Page MenuHomePhabricator

Receiving puppet run failure alert for instance where manual puppet runs complete fine
Closed, ResolvedPublic

Description

I am receiving a regular email with the subject Alert: puppet failed on maps-wma1.maps.eqiad.wmflabs. There was an issue - caused by me by pinning certain apt sources - that I resolved. Manual puppet runs now yield:

dschwen@maps-wma1:~$ sudo su -
root@maps-wma1:~# puppet agent -tv
info: Retrieving plugin
info: Loading facts in /var/lib/puppet/lib/facter/puppet_config_dir.rb
info: Loading facts in /var/lib/puppet/lib/facter/physicalcorecount.rb
info: Loading facts in /var/lib/puppet/lib/facter/puppet_vardir.rb
info: Loading facts in /var/lib/puppet/lib/facter/lldp.rb
info: Loading facts in /var/lib/puppet/lib/facter/initsystem.rb
info: Loading facts in /var/lib/puppet/lib/facter/pe_version.rb
info: Loading facts in /var/lib/puppet/lib/facter/labsprojectfrommetadata.rb
info: Loading facts in /var/lib/puppet/lib/facter/ganeti.rb
info: Loading facts in /var/lib/puppet/lib/facter/root_home.rb
info: Loading facts in /var/lib/puppet/lib/facter/apt.rb
info: Caching catalog for maps-wma1.maps.eqiad.wmflabs
info: Applying configuration version '1457552575'
notice: Finished catalog run in 20.26 seconds
root@maps-wma1:~# echo $?
0

Which looks fine to me.

Event Timeline

Can you tell me when you fixed the puppet issue, and when you received your most recent email nag?

Last nag: ~13h ago. Fixed three days ago.

dschwen added a project: Cloud-Services.
dschwen added a subscriber: Andrew.
yuvipanda subscribed.

Just got another one

Received: from root by maps-wma1.maps.eqiad.wmflabs with local (Exim 4.76)
	(envelope-from <root@wmflabs.org>)
	id 1af1B1-0002vD-1l
	for xxxxxxxx@xxxxxx.xxx; Sun, 13 Mar 2016 08:15:03 +0000
Date: Sun, 13 Mar 2016 08:15:03 +0000
To: xxxxxxxx@xxxxxx.xxx
Subject: Alert:  puppet failed on maps-wma1.maps.eqiad.wmflabs

The emails are sent when puppet has not run for 24 hours. Specifically, the code checks the 'last_run' parameter in /var/lib/puppet/state/last_run_summary.yaml. That file on maps-wma1 indicates the last run was 1457552917 (=9 march 2016 @ 7:48pm). That seems to coincide with your manual run, so this suggests somehow the crontab is not working.

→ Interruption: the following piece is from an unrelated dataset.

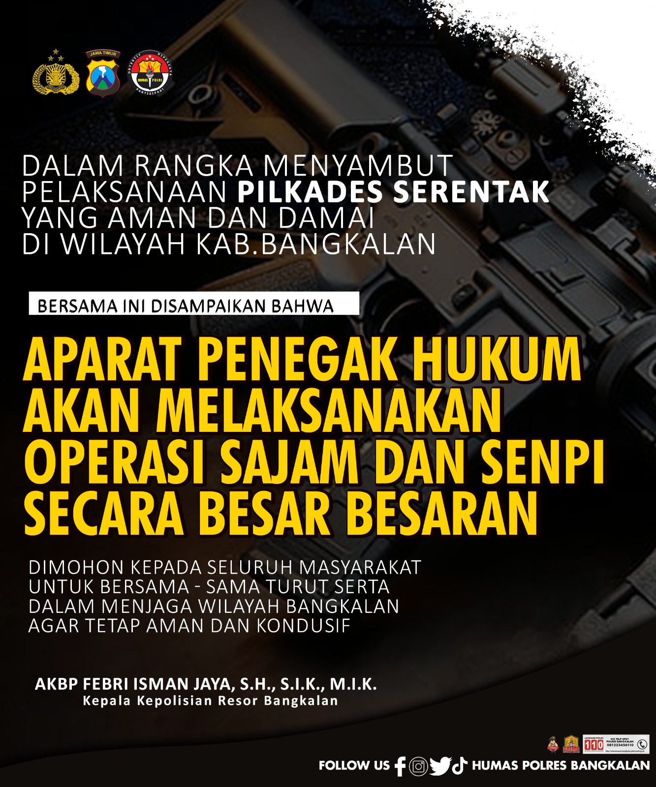 Kapolres Bangkalan AKBP Febri Isman Jaya menegaskan “aparat penegak hukum akan melaksanakan operasi Sajam dan Senpi secara besar-besaran serta mengimbau sekaligus kepada para calon kepala desa berikut tim suksesnya dan seluruh masyarakat di kabupaten Bangkalan untuk tetap menjaga situasi Kamtibmas agar tetap kondusif,baik dan sebelum juga saat pencoblosan, hingga saat pengumuman kepala desa terpilih nantinya” ujarnya (06/05/2023).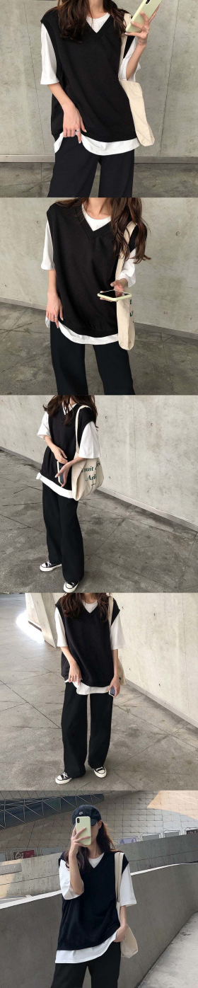【單件/整套】韓版顯瘦短袖馬甲闊腿褲三件套裝

root@maps-wma1:~# bash -x /usr/local/sbin/puppet-run
+ set -e
+ touch /var/log/puppet.log
+ chmod 600 /var/log/puppet.log
++ puppet agent --configprint agent_catalog_run_lockfile
+ PUPPETLOCK='invalid parameter: agent_catalog_run_lockfile'

and this might have something to do with the puppet version:

root@maps-wma1:~# puppet agent --version
2.7.11

whereas

valhallasw@tools-bastion-05:~$ puppet agent --version
3.4.3

2.7.11 is the version packaged by ubuntu, while 3.4.3 is the one that should be installed (from apt.wm.o). I suggest upgrading -- that will probably make the crontab work as expected again.

Thanks, I upgraded puppet. Let's see if that makes me compliant again :-)

dschwen claimed this task.

No further emails received. Closing. Thanks!